如果限制了K, 哈希一下, 转换成 "区间内是否存在某个数", 建可持久化权值线段树解决.
#include <bits/stdc++.h>
#define Rep(i, a, b) for (int i = (a), i##_ = (b); i < i##_; ++i)
#define For(i, a, b) for (int i = (a), i##_ = (b); i <= i##_; ++i)

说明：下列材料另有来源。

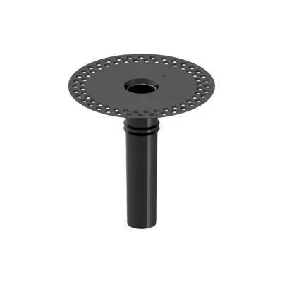 Engineered for use with bituminous membranes, this black TPE 60mm round roof drain outlet combines strength, flexibility, and durability in one simple solution. The perforated flange promotes strong adhesion with bituminous layers, ensuring a watertight seal that stands the test of time. Its slightly tapered spigot allows for straightforward installation into pipes of different diameters, saving time and ensuring a perfect fit on site.The outlet's ribbed interior design provides extra grip for gravel excluders or leaf guards, preventing clogs and maintaining efficient water flow. Manufactured from tough TPE, it offers exceptional resistance to UV, ozone, and chemical exposure, while remaining flexible even at low temperatures. A trusted choice if you want a reliable, long-life drainage component for flat roofs.Features & Benefits: DEKS Flat Roof Round 60mm Roof Drain Outlet - Black TPE, Perforated flange for bonding with bituminous membranes, Cone-shaped spigot enables quick, secure installation, Ribbed design locks in accessories for system efficiency. DEKS Flat Roof Round 60mm Roof Drain Outlet - Black TPE
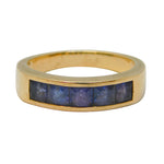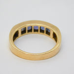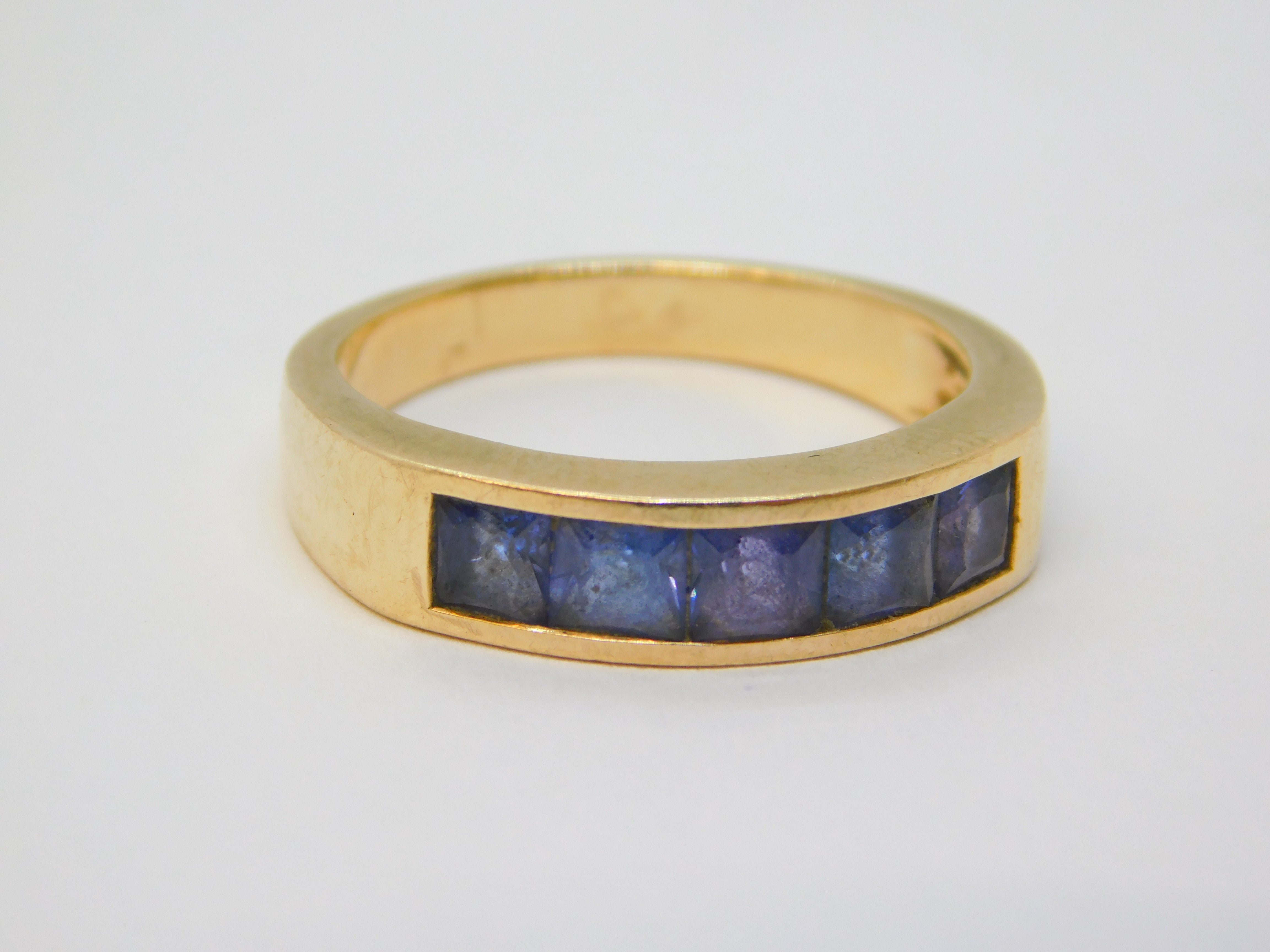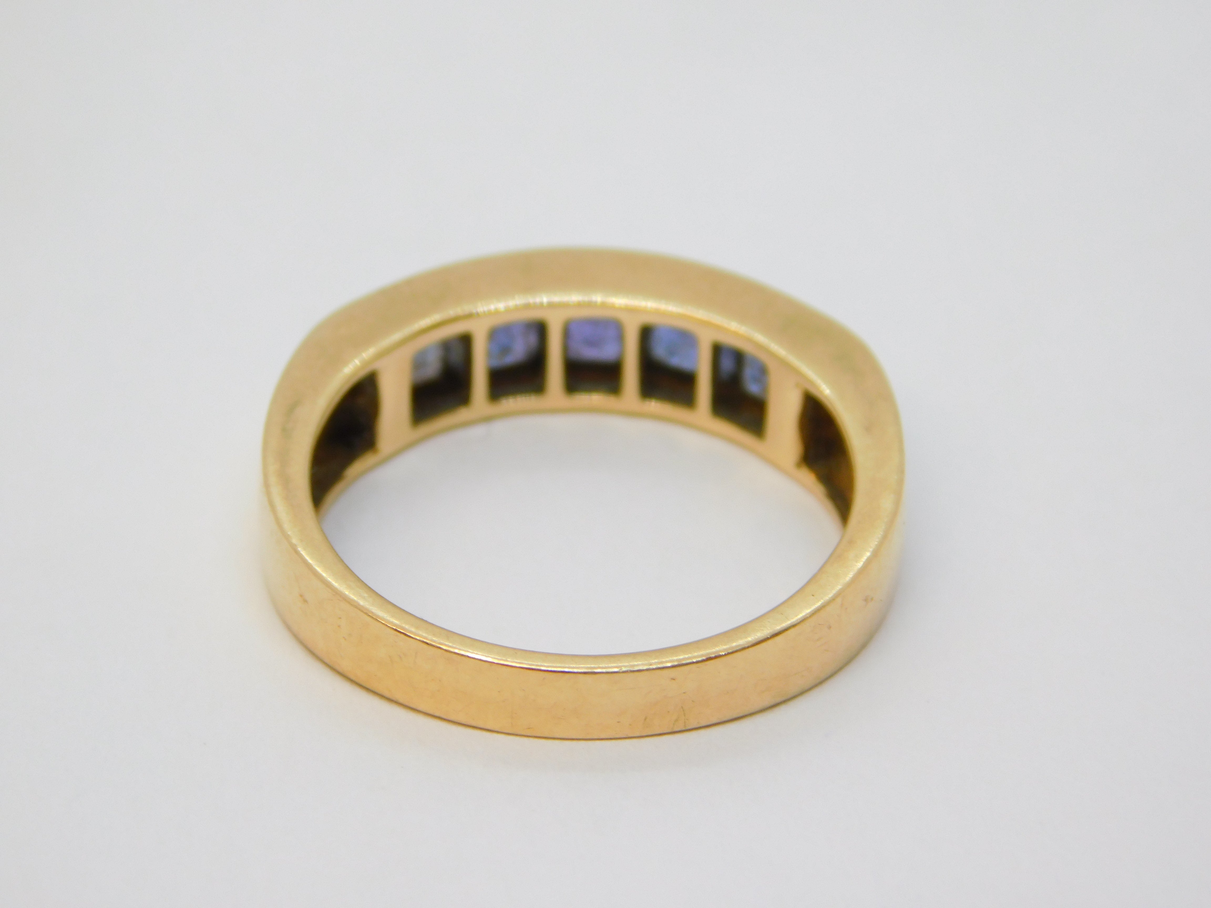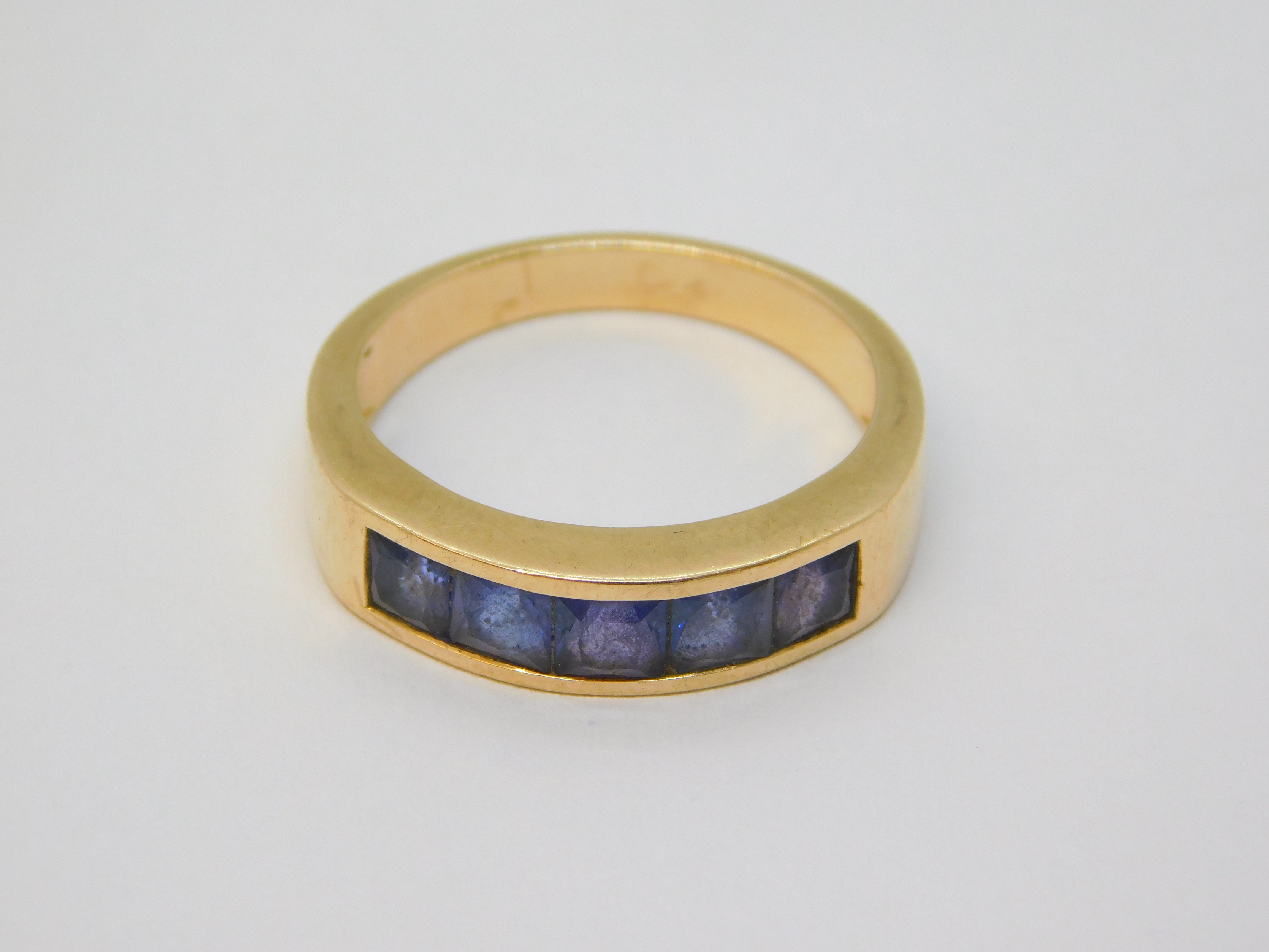 Details: A fantastic and wonderfully designed vintage 9ct yellow gold band ring set with five square-cut tanzanite stones hallmarked London 1995 to the interior band. This is a wonderful item that would make a perfect gift or addition to any collection. We are more than happy to provide XRF reports for items upon request.

#define Down(i, a, b) for (int i = (a), i##_ = (b); i >= i##_; --i)
using namespace std;
typedef unsigned long long ull;
const int MAX_N = 2e5, X = 2e5 + 3, NLG_N = 18;
int top;
ull H[MAX_N + 1], h[MAX_N*2], a[MAX_N + 1], x[MAX_N];
struct Node {
Node* lc, * rc;
int s;
} nodes[MAX_N*(NLG_N + 1) + 1], * nil = nodes, * root[MAX_N + 1] = {nil};
struct Query {
int x, y;
ull s;
} Q[MAX_N];
inline void init()
{
*nil = (Node){nil, nil, 0};
}
inline Node* new_node(const Node& v)
{
static Node* cur = nodes + 1;
*cur = v;
return cur++;
}
void insert(Node* &o, Node* p, int v, int l, int r)
{
o = new_node(*p);
if (r-l > 1) {
int m = (l+r)/2;
if (v < m)
insert(o->lc, p->lc, v, l, m);
else
insert(o->rc, p->rc, v, m, r);
}
++o->s;
}
bool query(Node* o, Node* p, int v, int l, int r)
{
if (r-l == 1) return o->s - p->s;
int m = (l+r)/2;
return v < m ? query(o->lc, p->lc, v, l, m) : query(o->rc, p->rc, v, m, r);
}
inline int id(ull x)
{
return lower_bound(h, h+top, x) - h;
}
int main()
{
int n, m, k;
scanf("%d%d%d", &n, &m, &k);
x[0] = 1;
For (i, 1, n-1)
x[i] = x[i-1] * X;
For (i, 1, n)
scanf("%llu", &a[i]);
Rep (i, 0, m) {
scanf("%d%d", &Q[i].x, &Q[i].y);
Rep (j, 0, k) {
int b;
scanf("%d", &b);
Q[i].s += b * x[j];
}
h[top++] = Q[i].s;
}
H[n] = a[n];
Down (i, n-1, 1)
H[i] = H[i+1]*X + a[i];
For (i, 1, n-k+1)
h[top++] = a[i] = H[i] - H[i+k]*x[k];
sort(h, h+top);
top = unique(h, h+top) - h;
init();
For (i, 1, n-k+1)
insert(root[i], root[i-1], id(a[i]), 0, top);
Rep (i, 0, m) {
if (Q[i].y-Q[i].x+1 < k)
puts("YES");
else // [x, y-k+1]
puts(query(root[Q[i].y-k+1], root[Q[i].x-1], id(Q[i].s), 0, top) ? "No" : "Yes");
}
return 0;
}